Then follow the mode-specific workflow below.

Mode: `start`

Step 0: Delegate Decomposition (MANDATORY - DO NOT DO THIS YOURSELF)

Launch a Strategy Analyst agent (high-tier, background) to:

Read the roadmap spec
Identify tracks, phases, dependencies (DAG)
Auto-detect project toolchain (type check, test commands)
If per-phase spec files do NOT exist: create them from the monolithic spec
Return a structured decomposition summary

Use the Strategy Analyst Prompt from the Workflows section below.

YOU DO NOT READ THE SPEC. You receive ONLY the summary from the agent.

After the Strategy Analyst returns, present the decomposition to the user:

## Decomposition

**Roadmap:** <PATH>
**Branch:** <detected-branch>
**Modifier:** <detected-modifier>
**Type Check:** <detected-cmd>
**Test:** <detected-cmd>
**Session:** <SESSION_DIR>

### Tracks & Phases

**Track A - <title>** (N phases)
| Order | Phase | Spec Path | Depends On |
|-------|-------|-----------|------------|
| 1 | NNN | <path> | - |
| 2 | NNN | <path> | Phase NNN |

**Track B - <title>** (M phases)
| Order | Phase | Spec Path | Depends On |
|-------|-------|-----------|------------|
| 1 | NNN | <path> | Track A |

### Dependency DAG

Track A --> Track B --> Track C

### Execution Plan

- Sequential within tracks
- Track dependencies enforced
- Independent tracks can run in parallel

Confirm this decomposition before I proceed?

Wait for user confirmation via AskUserQuestion. Do NOT proceed without it.

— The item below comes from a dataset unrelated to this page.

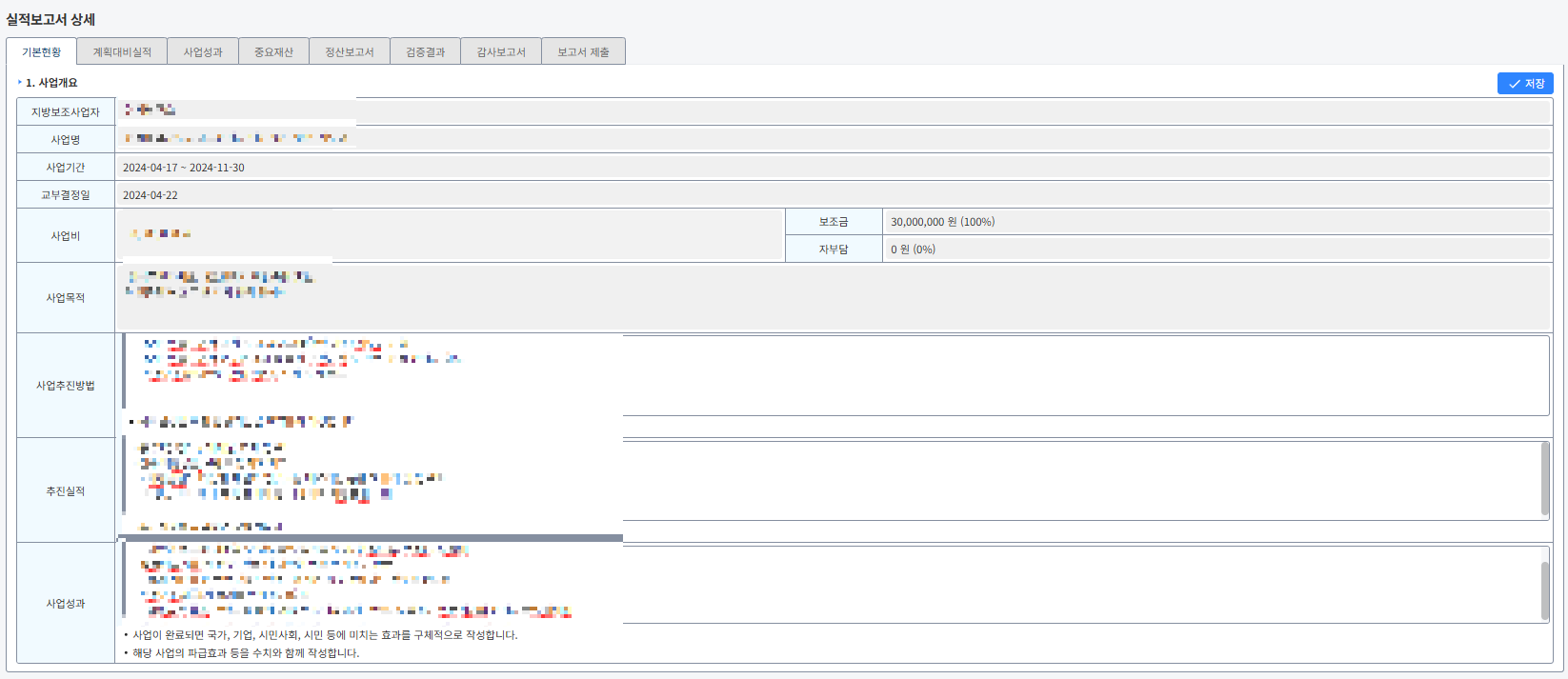 보조사업자는 실적보고서를 작성해 등록합니다.

Step 1: Initialize Session Directory

After user confirms:

mkdir -p tmp/mux/<session-slug>/signals
mkdir -p tmp/mux/<session-slug>/signals/refinements
# One per track:
mkdir -p tmp/mux/<session-slug>/track-a/signals
mkdir -p tmp/mux/<session-slug>/track-a/refinements
# ... repeat for each track

Delegate CONTINUE.md creation to a Task(medium-tier) writer agent using the template from the Report section.

Step 2: Execute Phases

Follow the Execution Loop from the Workflows section.

Mode: `continue`

Step 0: Delegate State Reading

Launch an Explore agent (low-tier, background) to:

Read CONTINUE.md at PATH
Read all signal files in the session directory
Return: current state summary, pending refinements, next action

YOU DO NOT READ CONTINUE.md YOURSELF. You receive the summary.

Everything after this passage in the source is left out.